> DESCRIPTION OF THE TASK
When you copy the material below, keep every line exact and leave each picture out.

> INFORMATION SUPPLIED

**********

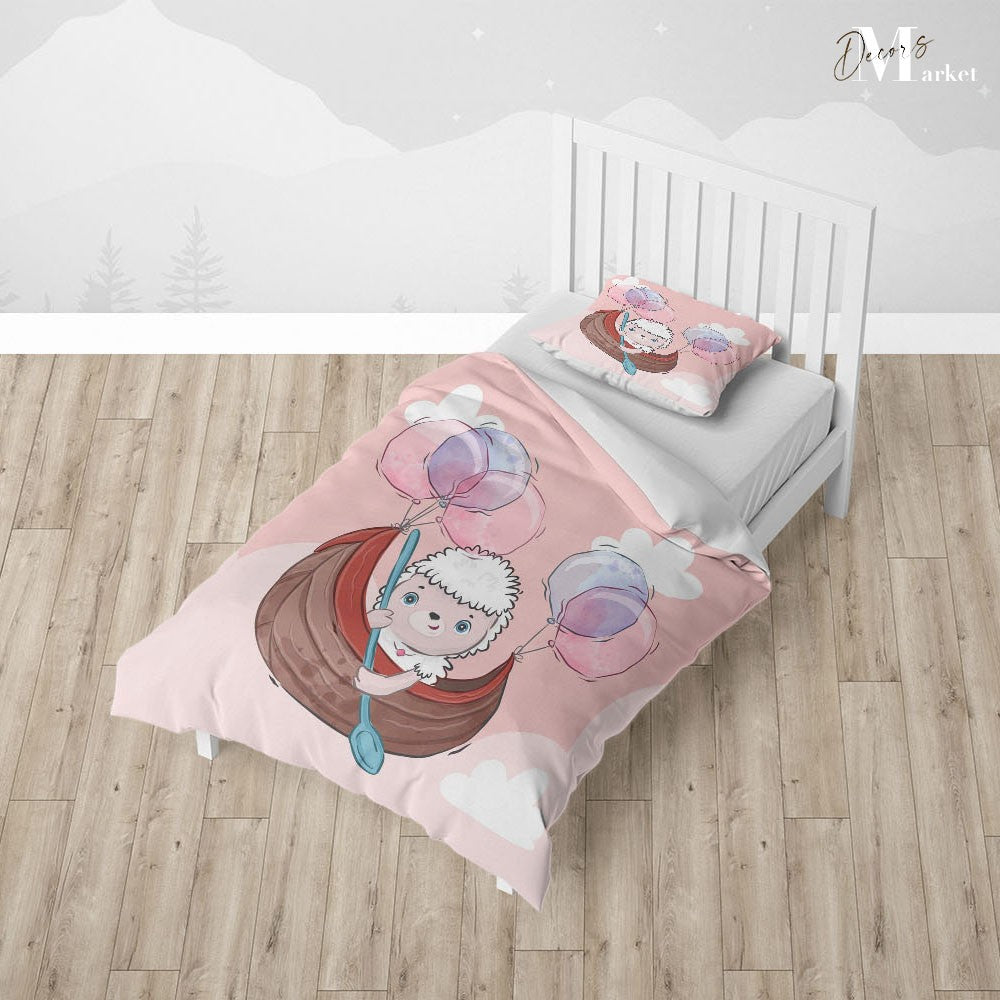 Rowing Sheep Balloon Duvet Cover Set w Pillow Cover, Pink Kids Animal 3D Quilt Cover, Single Double Queen King Size Doona Cover
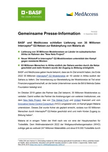 BASF und MedAccess gaben heute bekannt, dass sie ihr Ziel erreicht haben, bis Ende 2022 35 Millionen Interceptor® G2 Moskitonetze an 16 Länder in Afrika südlich der Sahara zu liefern. Die Vereinbarung zur Bereitstellung der Moskitonetze ist Teil einer Finanzierungspartnerschaft, an der beide Unternehmen sowie die Bill & Melinda Gates Foundation beteiligt sind.
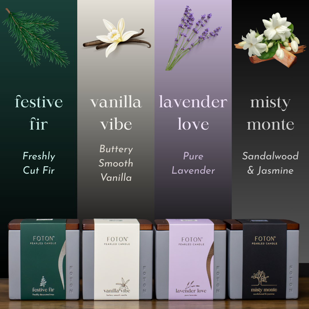 Foton Candle pearls are plant-based, vegan, and burn cleanly with minimal smoke or soot. Our pearls are derived from certified sustainably sourced and highly purified plant-based wax. They do not contain paraffin, soy or any known allergens. We use both natural and synthetic fragrances to scent our scented versions. Our scents are free of phthalates and parabens.
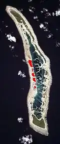 | Scarlet Crab Islet | 5,000 m2 | Named for the scarlet hermit crab abundant on its shores, Scarlet Crab is a young and small islet, measuring 40 m north–south and 125 m east–west, and lying just off the southern coast of Shark Islet. Its reef flats are the most extensive of those on the leeward side of the atoll, extending out some 480 m. Vegetation is slight and covers only a fraction of the islet. | ||

**********

> ANSWER SPACE
 Rowing Sheep Balloon Duvet Cover Set w Pillow Cover, Pink Kids Animal 3D Quilt Cover, Single Double Queen King Size Doona Cover
 BASF und MedAccess gaben heute bekannt, dass sie ihr Ziel erreicht haben, bis Ende 2022 35 Millionen Interceptor® G2 Moskitonetze an 16 Länder in Afrika südlich der Sahara zu liefern. Die Vereinbarung zur Bereitstellung der Moskitonetze ist Teil einer Finanzierungspartnerschaft, an der beide Unternehmen sowie die Bill & Melinda Gates Foundation beteiligt sind.
 Foton Candle pearls are plant-based, vegan, and burn cleanly with minimal smoke or soot. Our pearls are derived from certified sustainably sourced and highly purified plant-based wax. They do not contain paraffin, soy or any known allergens. We use both natural and synthetic fragrances to scent our scented versions. Our scents are free of phthalates and parabens.
 | Scarlet Crab Islet | 5,000 m2 | Named for the scarlet hermit crab abundant on its shores, Scarlet Crab is a young and small islet, measuring 40 m north–south and 125 m east–west, and lying just off the southern coast of Shark Islet. Its reef flats are the most extensive of those on the leeward side of the atoll, extending out some 480 m. Vegetation is slight and covers only a fraction of the islet. | ||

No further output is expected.